Yeah, There's something there, I get it with Firefox and Chrome, haven't tried IE yet.


----------



## Minox (Sep 13, 2008)

I'm getting the exact same result with NOD32 and Firefox 3.01 and I only get this problem when visiting Gbatemp.


----------



## FAST6191 (Sep 13, 2008)

I will leave the web coding to the people that know what they are doing but confirmed that something is up.
Anyhow I was playing around with firebug (realtime website editor plugin for firefox) and it displays left of the My Controls · View New Posts part.

I checked on the site and it is not too good either.

If you are especially concerned "search-you-need.com" resolves to 58.65.234.77
You can add that or search-you-need.com to your hosts file (make sure it goes to localhost (127.0.0.1 = localhost) or some other harmless IP.

http://accs-net.com/hosts/how_to_use_hosts.html (there is bound to be a better guide somewhere but it will get the job done)


----------



## Prime (Sep 13, 2008)

Shiro786 said:
			
		

> I can vouch for this dude too.
> 
> 
> 
> ...



Your not the only one:

http://gbatemp.net/index.php?showtopic=104818

I posted that topic before seeing this btw


----------



## Minox (Sep 13, 2008)

I'm not getting that message anymore for some reason and I can't find it in the source where it used to be.


----------



## Prime (Sep 13, 2008)

Well it has stopped for me just after I posted that reply


----------



## shaunj66 (Sep 13, 2008)

The site has been compromised, unfortunately.
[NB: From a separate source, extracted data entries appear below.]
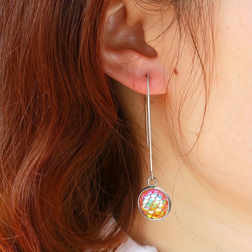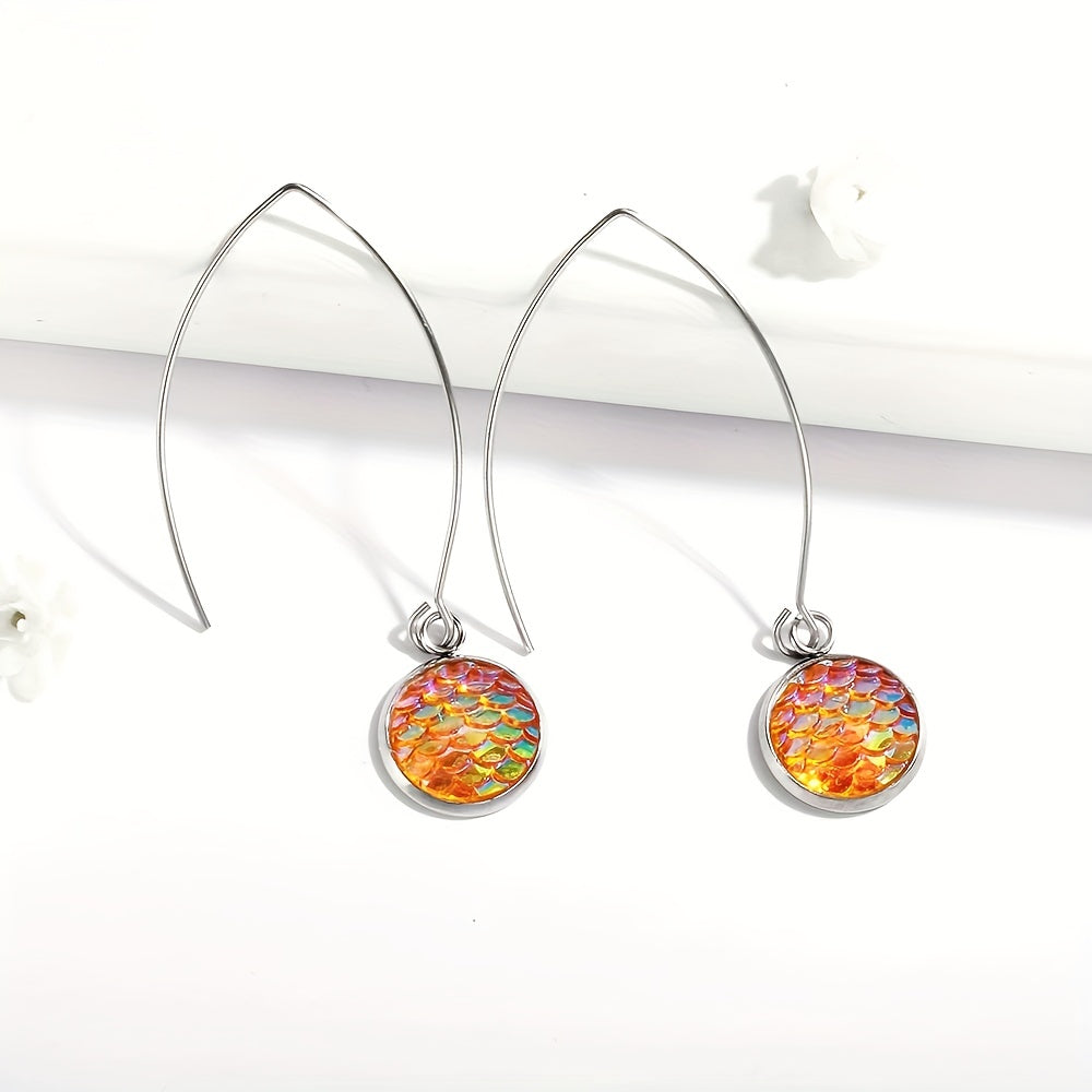 These delicate round sequins pattern hook dangle earrings are perfect for daily casual wear. A great gift for women and girls.
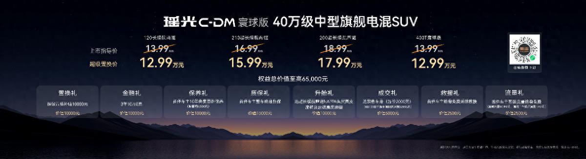 本次上市共有瑶光C-DM寰球版120长续航两驱、210超长续航两驱、200超长续航四驱3款配置版型,指导价分别为13.99万元、16.99万元、18.99万元。新车以40万级豪华品质、40万级豪华安全、40万级豪华性能三大核心优势,重新定义40万级旗舰电混SUV价值标准。同时,星途还为青睐燃油车的消费者提供了燃油版车型瑶光400T寰球版,指导价13.99万元。此外,新车还带来了价值65000元的权益政策 。
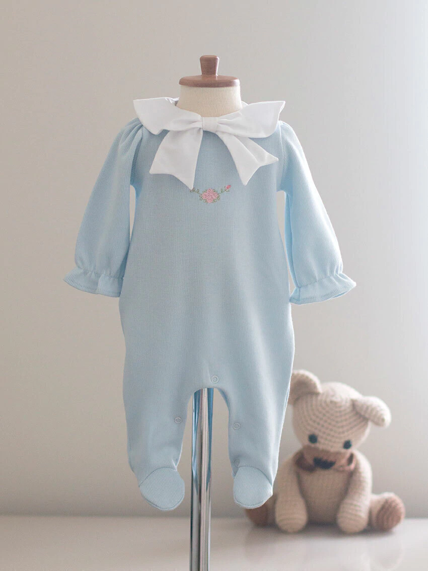 Macacão Chloe traz a elegância junto com o conforto para sua princesa. Com modelagem clássica, linda gola em formato de laço e um delicado bordado que confere um charme adicional ao macacão. Confeccionado em tricotil, uma malha em algodão antialérgica, que remete ao tricô, proporcionando leveza e suavidade ideal para todas as estações do ano.
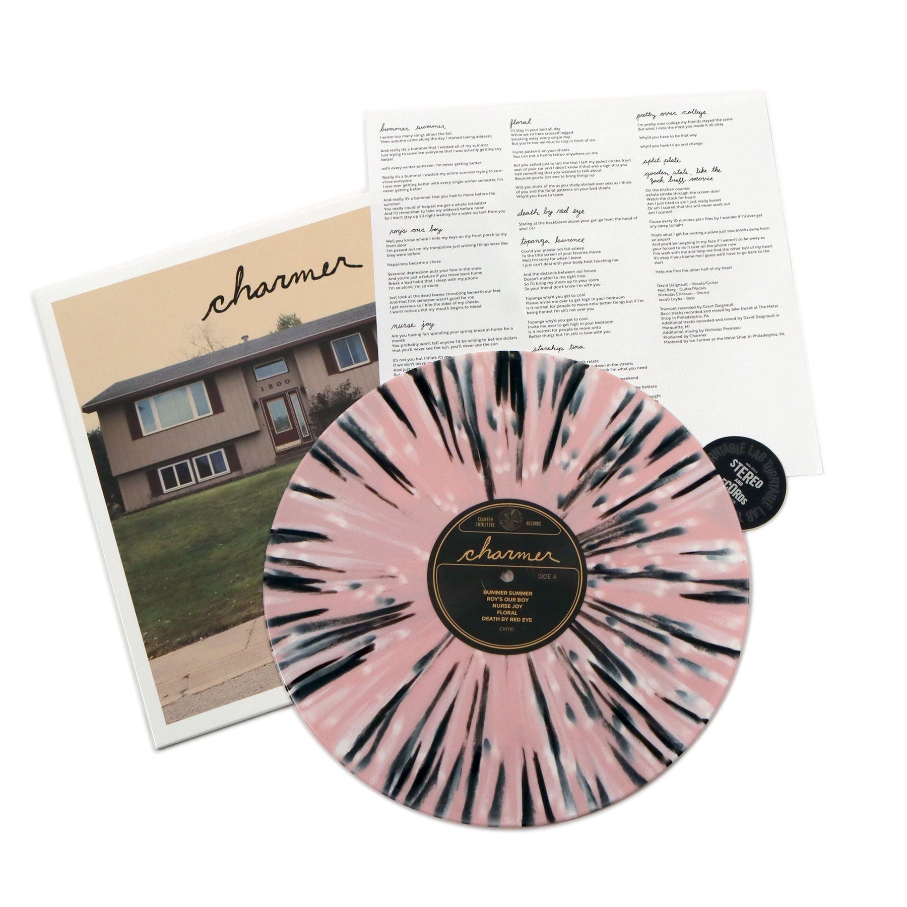 - pink w/ black & white splatter colored vinyl

I'm on it now. 

I've removed all traces I could find of Search-You-Need. 

Please continue to be vigilant and report any other oddities in this thread.


----------



## Prime (Sep 13, 2008)

Thanks shaunj66 it was really bugging me


----------



## Salamantis (Sep 13, 2008)

shaunj66 said:
			
		

> The site has been compromised, unfortunately. I'm on it now.
> 
> I've removed all traces I could find of Search-You-Need.
> 
> Please continue to be vigilant and report any other oddities in this thread.


Do you mean it was hacked? What happened?


----------



## AndreXL (Sep 13, 2008)

I've been using Adblock Plus with:
#IFRAME(width=1)(height=1)
Maybe, that's what keeping me from seeing this issue. Good thing I guess.
[edit]
The issue is width and height on 0. I guess I just missed it then...


----------



## DeMoN (Sep 13, 2008)

Had a similar (or the same) problem with Kaspersky AV a while ago but it seems to have disappeared now.


----------